## PROBLEM DESCRIPTION
Reproduce the lines of the material exactly, excluding every image.

## SUPPLIED MATERIAL
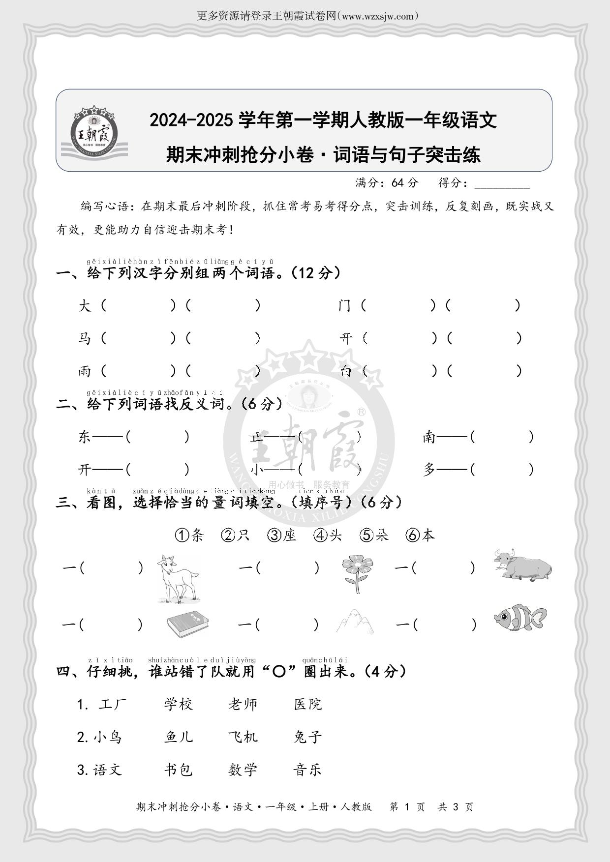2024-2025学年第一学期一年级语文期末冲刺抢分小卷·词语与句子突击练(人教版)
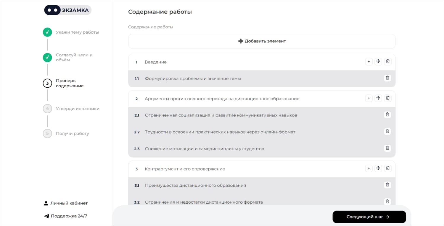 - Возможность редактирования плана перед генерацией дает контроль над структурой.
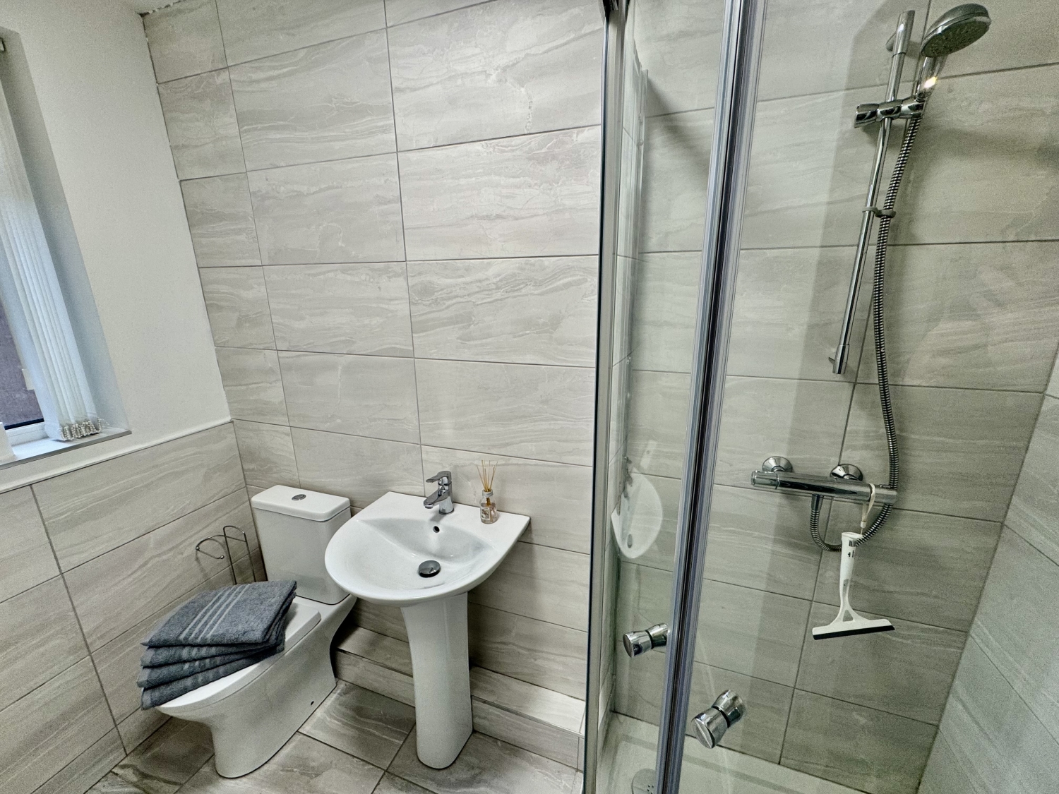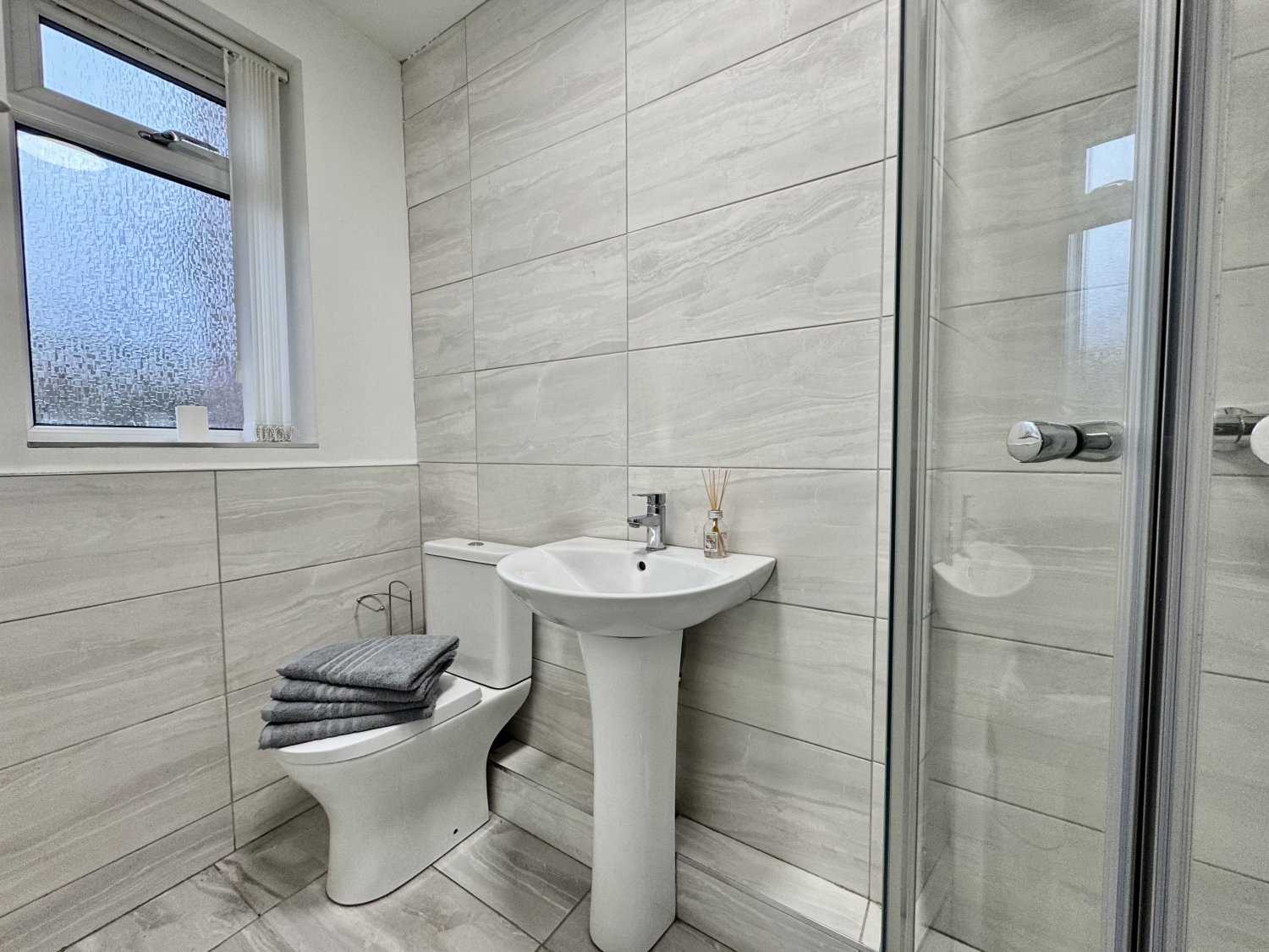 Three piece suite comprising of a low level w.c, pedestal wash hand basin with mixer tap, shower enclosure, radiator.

## RESULT OF THE TASK
2024-2025学年第一学期一年级语文期末冲刺抢分小卷·词语与句子突击练(人教版)
 - Возможность редактирования плана перед генерацией дает контроль над структурой.
 Three piece suite comprising of a low level w.c, pedestal wash hand basin with mixer tap, shower enclosure, radiator.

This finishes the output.